═══ MATERIAL FOR THE TASK

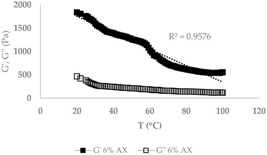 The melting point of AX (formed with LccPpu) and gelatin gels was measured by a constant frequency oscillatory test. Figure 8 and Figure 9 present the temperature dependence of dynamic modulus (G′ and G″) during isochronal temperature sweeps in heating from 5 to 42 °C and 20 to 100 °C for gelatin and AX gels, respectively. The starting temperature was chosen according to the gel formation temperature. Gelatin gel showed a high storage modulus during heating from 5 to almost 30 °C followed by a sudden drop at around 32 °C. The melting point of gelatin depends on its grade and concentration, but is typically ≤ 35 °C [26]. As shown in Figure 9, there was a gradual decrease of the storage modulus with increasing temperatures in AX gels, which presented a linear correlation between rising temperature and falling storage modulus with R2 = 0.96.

══════
═══ MATERIAL FOR THE TASK

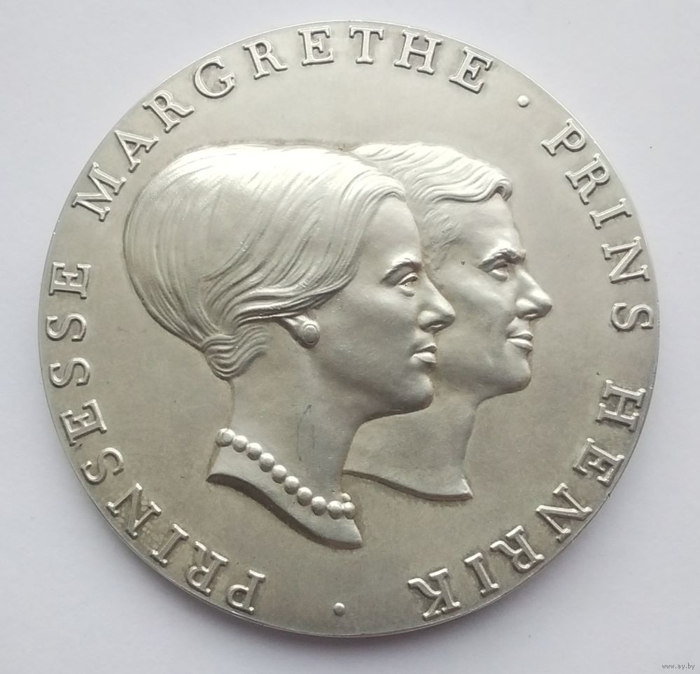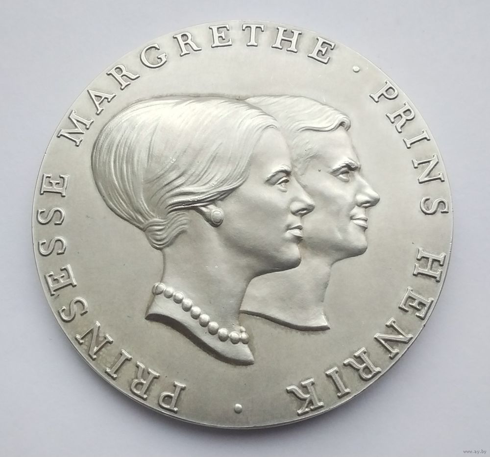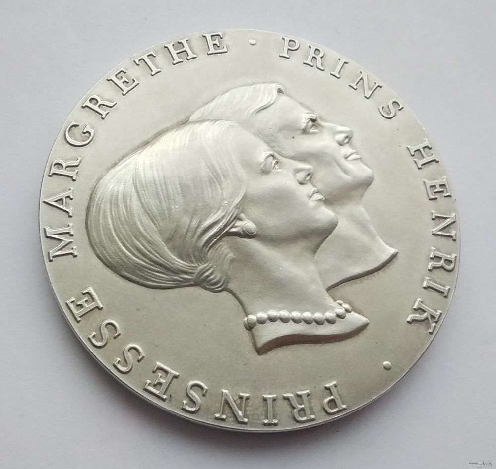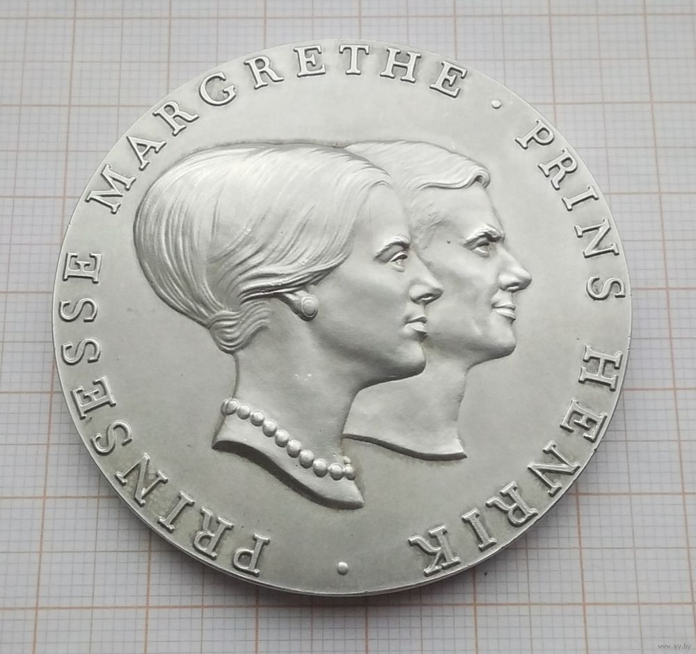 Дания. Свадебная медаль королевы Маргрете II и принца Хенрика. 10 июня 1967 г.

══════
═══ MATERIAL FOR THE TASK

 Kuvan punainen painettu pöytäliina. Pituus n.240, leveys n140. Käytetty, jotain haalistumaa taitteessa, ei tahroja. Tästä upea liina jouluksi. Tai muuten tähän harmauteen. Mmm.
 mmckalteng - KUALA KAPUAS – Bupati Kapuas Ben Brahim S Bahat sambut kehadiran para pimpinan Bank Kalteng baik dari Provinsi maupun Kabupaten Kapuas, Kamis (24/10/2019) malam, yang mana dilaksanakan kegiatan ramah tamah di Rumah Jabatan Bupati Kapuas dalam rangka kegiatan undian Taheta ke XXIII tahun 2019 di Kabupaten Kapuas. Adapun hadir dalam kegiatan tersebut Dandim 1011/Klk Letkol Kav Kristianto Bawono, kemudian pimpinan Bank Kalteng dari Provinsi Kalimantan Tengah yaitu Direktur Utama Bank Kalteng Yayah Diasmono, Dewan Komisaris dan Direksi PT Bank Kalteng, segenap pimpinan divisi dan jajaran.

══════

Could you repeat exactly the lines in the listing above from the one with "Kuvan punainen painettu" down to the one with "mmckalteng - KUALA"? Include both of those lines.

 Kuvan punainen painettu pöytäliina. Pituus n.240, leveys n140. Käytetty, jotain haalistumaa taitteessa, ei tahroja. Tästä upea liina jouluksi. Tai muuten tähän harmauteen. Mmm.
 mmckalteng - KUALA KAPUAS – Bupati Kapuas Ben Brahim S Bahat sambut kehadiran para pimpinan Bank Kalteng baik dari Provinsi maupun Kabupaten Kapuas, Kamis (24/10/2019) malam, yang mana dilaksanakan kegiatan ramah tamah di Rumah Jabatan Bupati Kapuas dalam rangka kegiatan undian Taheta ke XXIII tahun 2019 di Kabupaten Kapuas. Adapun hadir dalam kegiatan tersebut Dandim 1011/Klk Letkol Kav Kristianto Bawono, kemudian pimpinan Bank Kalteng dari Provinsi Kalimantan Tengah yaitu Direktur Utama Bank Kalteng Yayah Diasmono, Dewan Komisaris dan Direksi PT Bank Kalteng, segenap pimpinan divisi dan jajaran.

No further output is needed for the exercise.